▶ **TASK BRIEF**:
A verbatim reproduction of the lines below, from the line containing "By developing a" through the line containing "1996 P V Emblem in Tree", both ends included, is the whole required output.
Segment Start: THE DATA
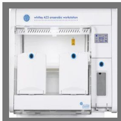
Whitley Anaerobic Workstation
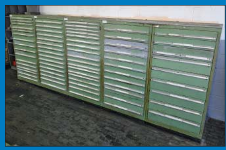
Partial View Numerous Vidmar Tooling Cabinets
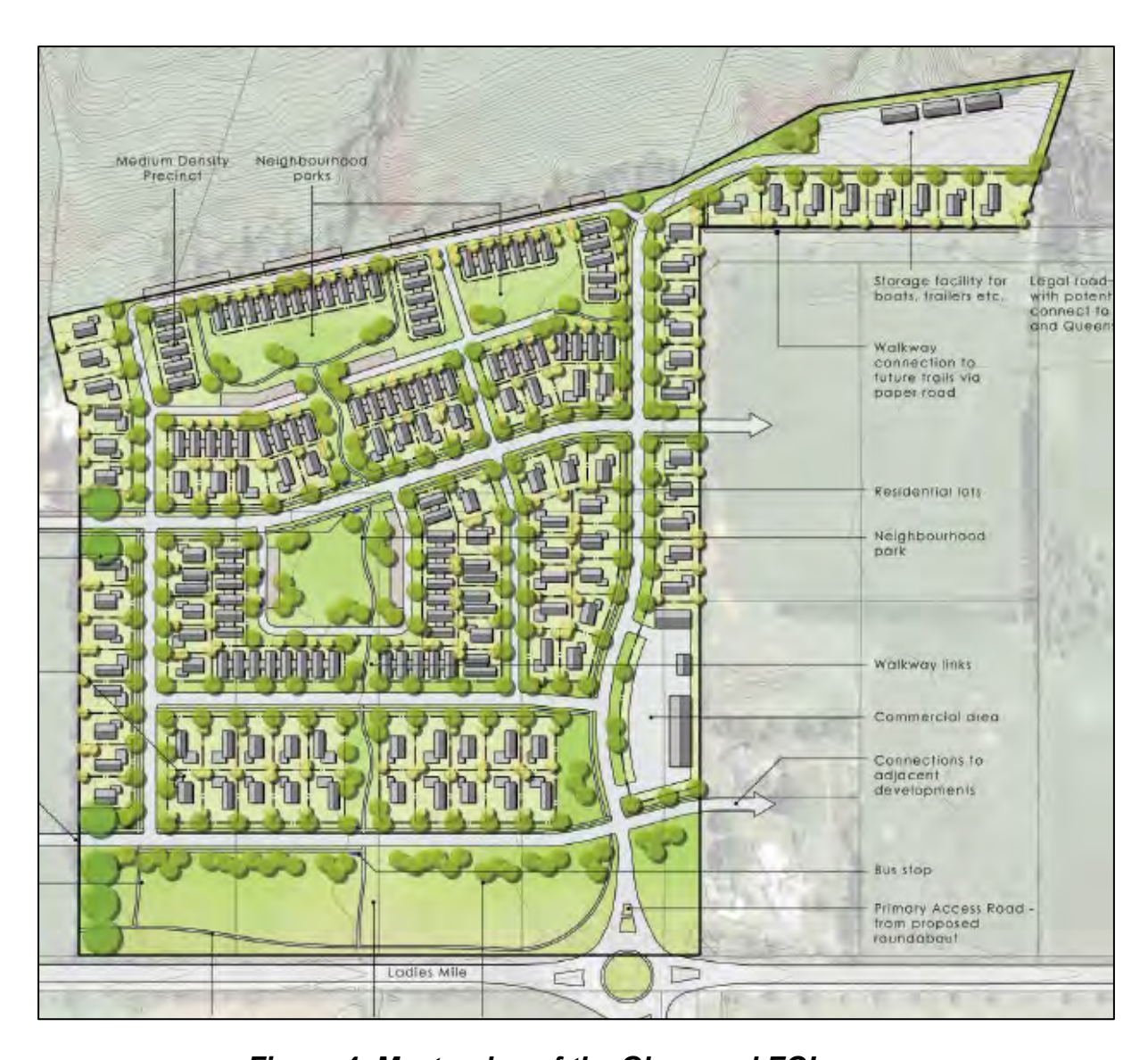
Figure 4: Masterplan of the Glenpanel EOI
Segment End: THE DATA
Segment Start: THE DATA
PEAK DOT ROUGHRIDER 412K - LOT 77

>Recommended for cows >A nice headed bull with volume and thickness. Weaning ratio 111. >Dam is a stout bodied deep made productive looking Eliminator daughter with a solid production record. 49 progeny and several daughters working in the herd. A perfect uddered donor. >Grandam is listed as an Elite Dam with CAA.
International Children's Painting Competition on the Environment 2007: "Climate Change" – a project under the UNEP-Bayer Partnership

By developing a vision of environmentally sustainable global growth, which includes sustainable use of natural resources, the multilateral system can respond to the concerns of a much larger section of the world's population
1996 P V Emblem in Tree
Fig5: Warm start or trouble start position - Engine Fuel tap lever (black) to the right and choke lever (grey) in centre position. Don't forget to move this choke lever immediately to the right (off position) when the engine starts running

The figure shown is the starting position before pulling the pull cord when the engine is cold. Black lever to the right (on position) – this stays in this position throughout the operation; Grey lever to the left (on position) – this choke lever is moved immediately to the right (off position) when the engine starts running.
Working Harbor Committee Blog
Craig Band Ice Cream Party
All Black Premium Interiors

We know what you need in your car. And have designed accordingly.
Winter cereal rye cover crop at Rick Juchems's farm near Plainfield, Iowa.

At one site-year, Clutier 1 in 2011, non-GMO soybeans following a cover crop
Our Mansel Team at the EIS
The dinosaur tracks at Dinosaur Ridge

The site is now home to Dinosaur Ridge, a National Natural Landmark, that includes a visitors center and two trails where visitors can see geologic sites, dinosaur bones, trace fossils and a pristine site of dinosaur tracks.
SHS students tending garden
Segment End: THE DATA
Segment Start: THE DATA
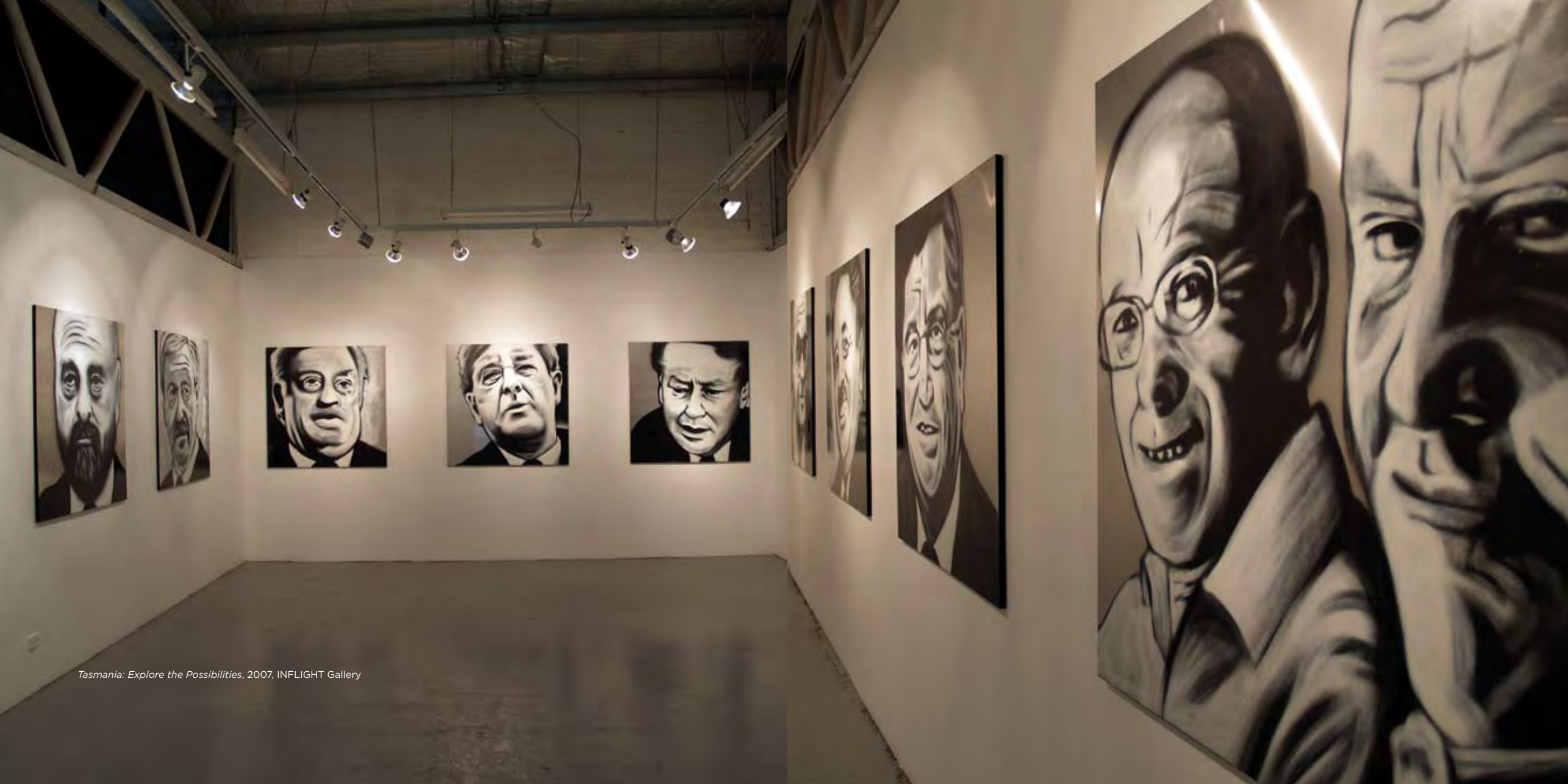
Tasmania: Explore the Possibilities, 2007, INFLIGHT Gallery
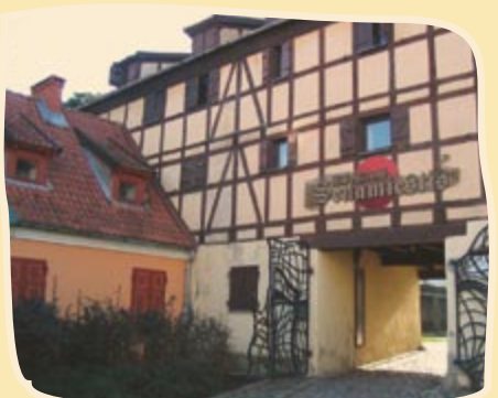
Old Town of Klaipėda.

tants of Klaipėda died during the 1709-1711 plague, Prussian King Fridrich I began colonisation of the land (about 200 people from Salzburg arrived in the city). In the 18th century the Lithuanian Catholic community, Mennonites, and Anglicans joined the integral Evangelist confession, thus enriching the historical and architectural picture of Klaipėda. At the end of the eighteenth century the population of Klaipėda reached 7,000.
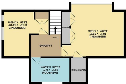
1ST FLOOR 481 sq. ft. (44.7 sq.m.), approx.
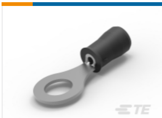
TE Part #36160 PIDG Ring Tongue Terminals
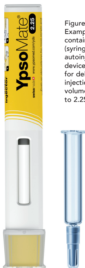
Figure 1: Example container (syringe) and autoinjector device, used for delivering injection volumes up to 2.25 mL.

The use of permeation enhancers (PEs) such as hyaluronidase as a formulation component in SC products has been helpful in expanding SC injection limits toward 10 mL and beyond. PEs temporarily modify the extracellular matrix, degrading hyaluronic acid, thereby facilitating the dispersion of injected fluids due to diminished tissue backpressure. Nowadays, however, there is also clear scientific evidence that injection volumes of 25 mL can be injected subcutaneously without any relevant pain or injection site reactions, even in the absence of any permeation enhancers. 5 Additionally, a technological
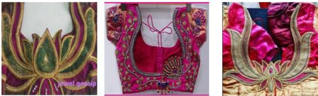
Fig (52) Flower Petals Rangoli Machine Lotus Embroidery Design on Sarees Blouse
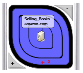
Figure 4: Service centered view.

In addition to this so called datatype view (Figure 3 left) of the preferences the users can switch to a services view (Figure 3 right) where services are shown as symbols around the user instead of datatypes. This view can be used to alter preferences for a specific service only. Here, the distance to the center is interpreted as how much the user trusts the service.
Segment End: THE DATA
▶ **EXERCISE OUTPUT**:
By developing a vision of environmentally sustainable global growth, which includes sustainable use of natural resources, the multilateral system can respond to the concerns of a much larger section of the world's population
1996 P V Emblem in Tree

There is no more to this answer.